In 2002, Purple Rose Films produced an original movie entitled Super Sucker, a story about vacuum cleaner salesmen. The film was shot entirely in Jackson, Michigan. Eleven actors in the film were associated with the Purple Rose Theatre, including Jeff Daniels, Matt Letscher, Guy Sanville, and Michelle Mountain.

In 2013, Blue Frog Productions produced Vino Veritas, based on the play of the same name written by David MacGregor. The film was shot in Lincoln, Nebraska.

In 2017, Mirrorcore Productions produced Wake, based on the play of the same name written by Carey Crim. The film was shot in California.

In 2017, Grand River Productions produced Guest Artist, based on the play of the same name written by Jeff Daniels. The film is almost entirely cast with actors from the Purple Rose including Jeff Daniels, Richard McWilliams (Harvey as Elwood P. Dowd & All My Sons as Joe Keller) and Thomas Macias, who started at the Purple Rose as an apprentice in 2013. The film was directed by Timothy Busfield and was shot on location in New York City, New York and Chelsea, Michigan.

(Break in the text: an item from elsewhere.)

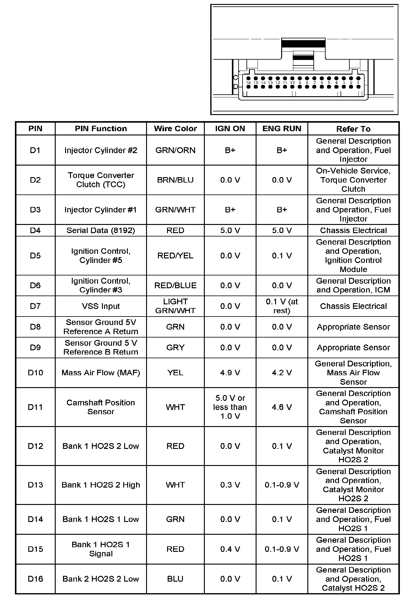 PCM Pinout Table, 32-Way Red Connector - Row "D":

In 2019, Doorstop Productions produced a short film called Just Desserts, based on the short play of the same name written by David MacGregor. The film was shot in Orange, New Jersey.

Television 
In October 2015, Purple Rose: 25 Years premiered on Detroit Public Television. This documentary, produced by 2188, features the story of the Purple Rose with stories and interviews from some of the artists associated with the theatre.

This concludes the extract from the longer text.